# INFORMATION SUPPLIED
▼

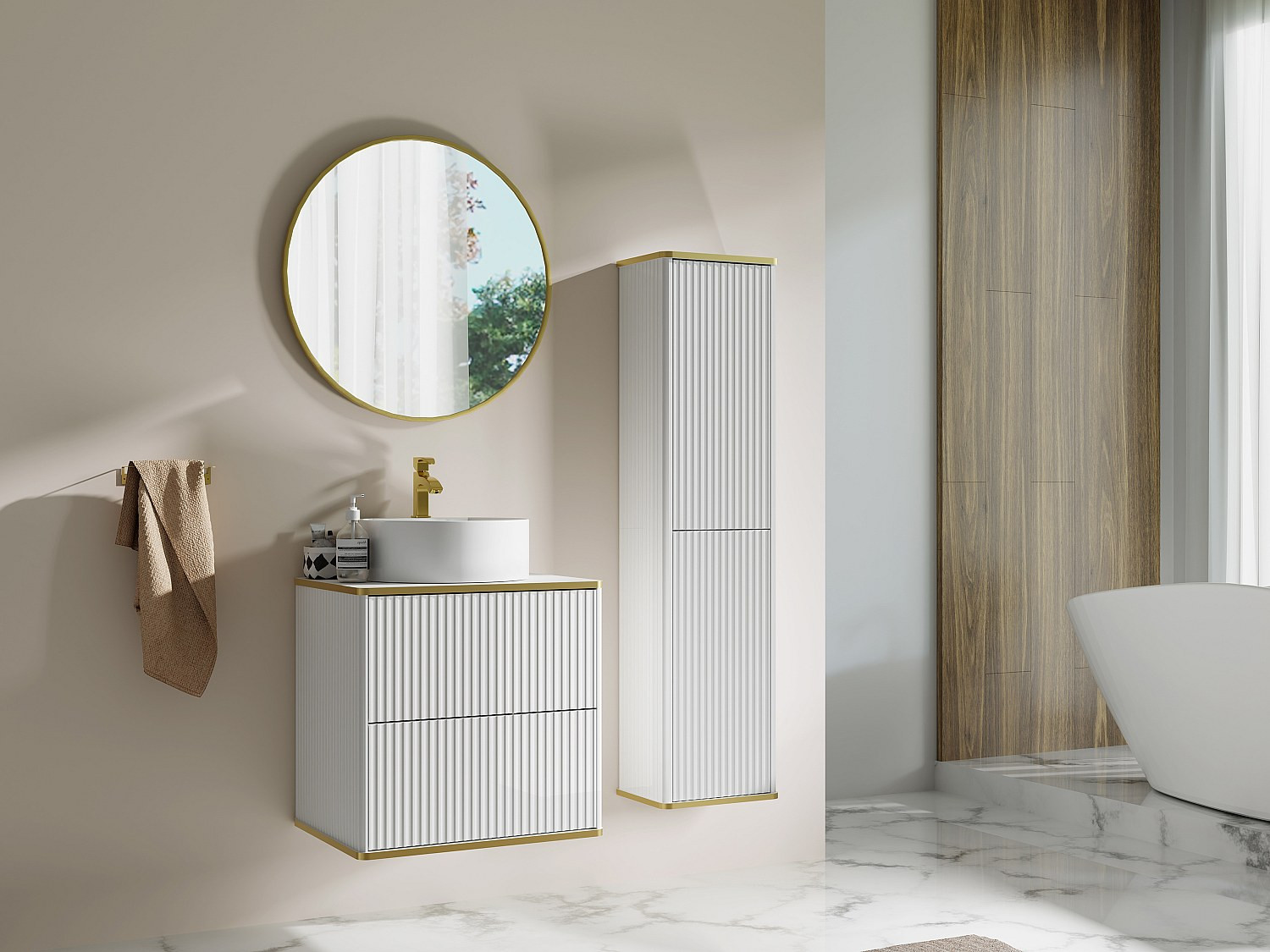 Vous souhaitez sublimer votre espace de bain ? Le meuble KELIZA répondra à vos désirs en associant esthétisme, raffinement et praticité avec son système d'ouverture push and pull et ses tiroirs spacieux. Il saura facilement se faire une place dans votre salle de bain. De plus, sa finition striée et sa touche dorée ajouteront une touche de luxe à votre espace de détente quotidien.
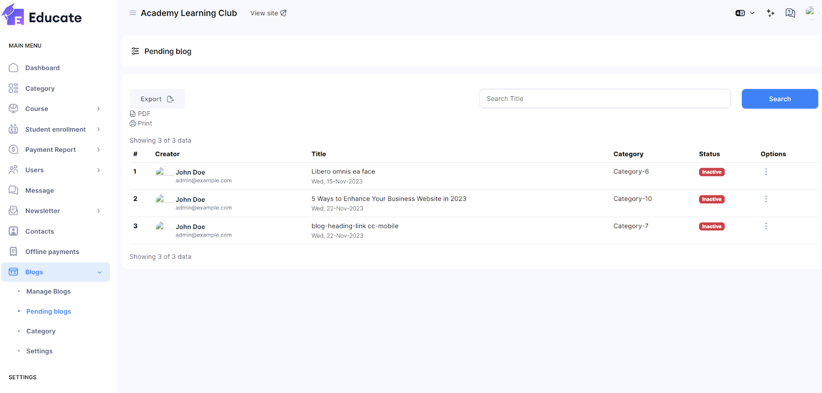 You can view all of the pending blogs which are waiting for admin approval to be published inside the Pending Blogs page.
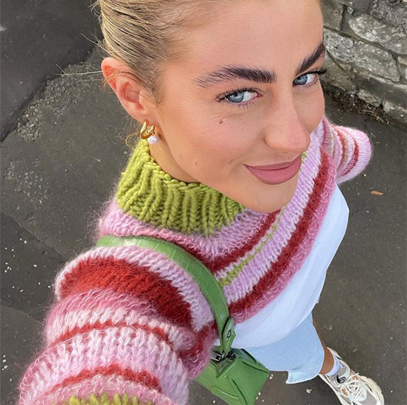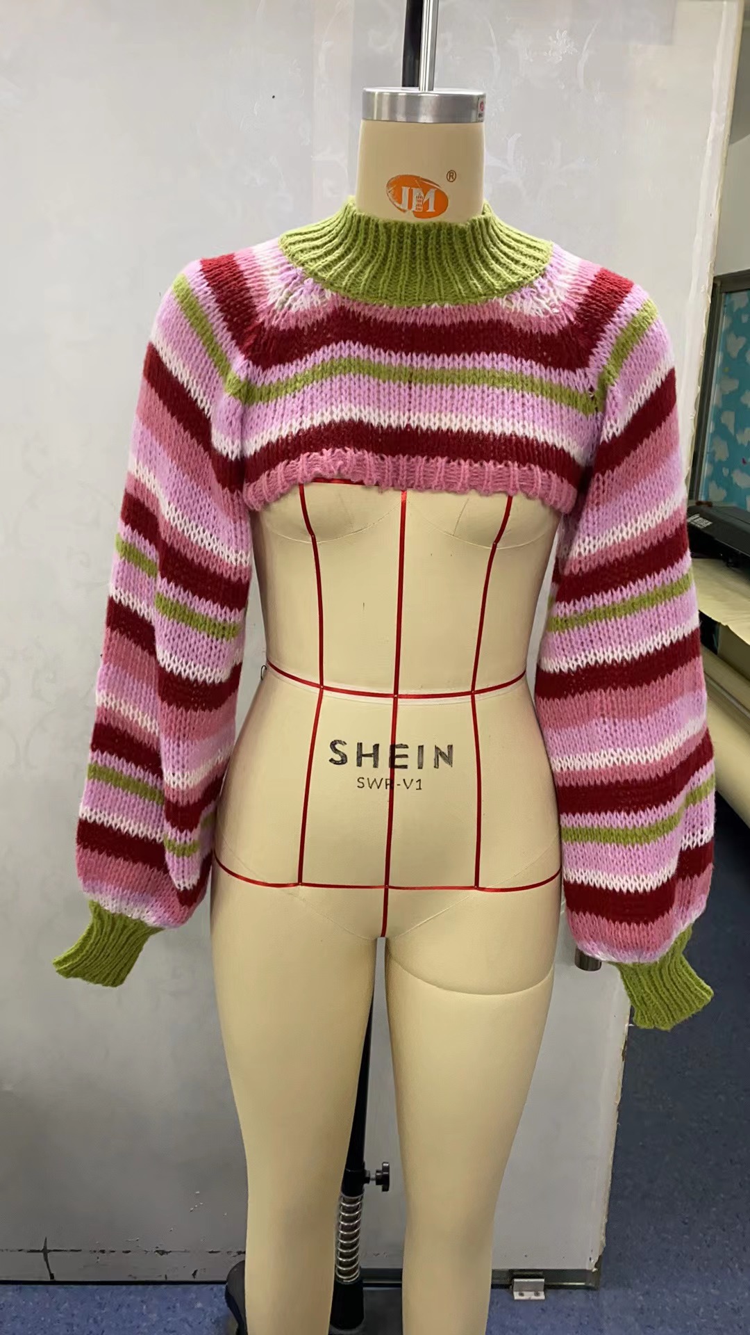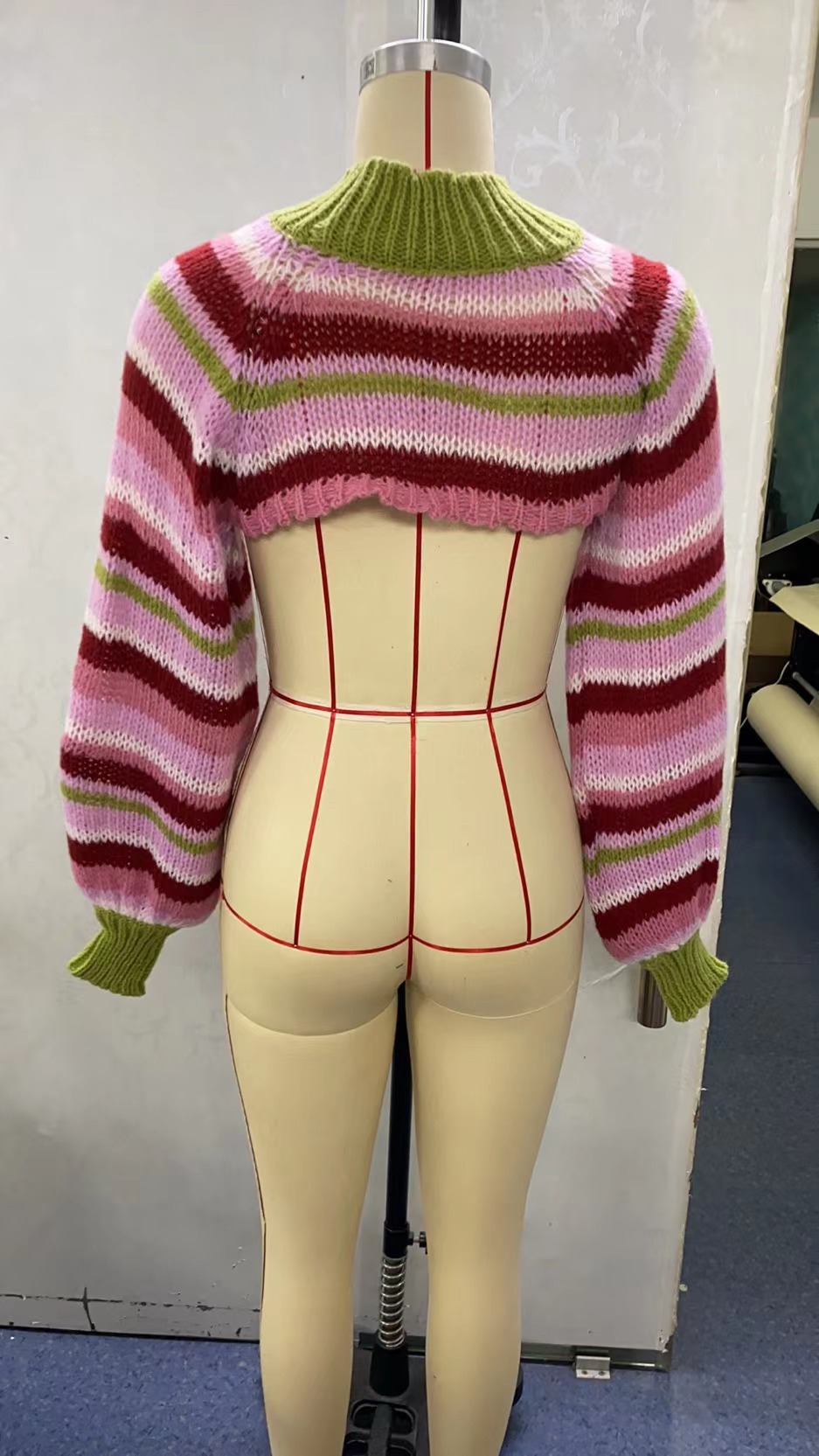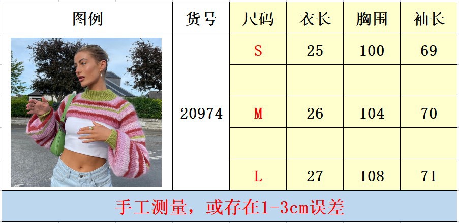 유럽과 미국 여성의 AliExpress 2022 가을과 겨울 새로운 컬러 스트라이프 블라우스 기질 짧은 긴 소매 스웨터

▲

Give back, exactly as written, the lines from the top of the material through the line with "You can view", ends included and pictures left aside.

# OUTPUT FOR THIS TASK
 Vous souhaitez sublimer votre espace de bain ? Le meuble KELIZA répondra à vos désirs en associant esthétisme, raffinement et praticité avec son système d'ouverture push and pull et ses tiroirs spacieux. Il saura facilement se faire une place dans votre salle de bain. De plus, sa finition striée et sa touche dorée ajouteront une touche de luxe à votre espace de détente quotidien.
 You can view all of the pending blogs which are waiting for admin approval to be published inside the Pending Blogs page.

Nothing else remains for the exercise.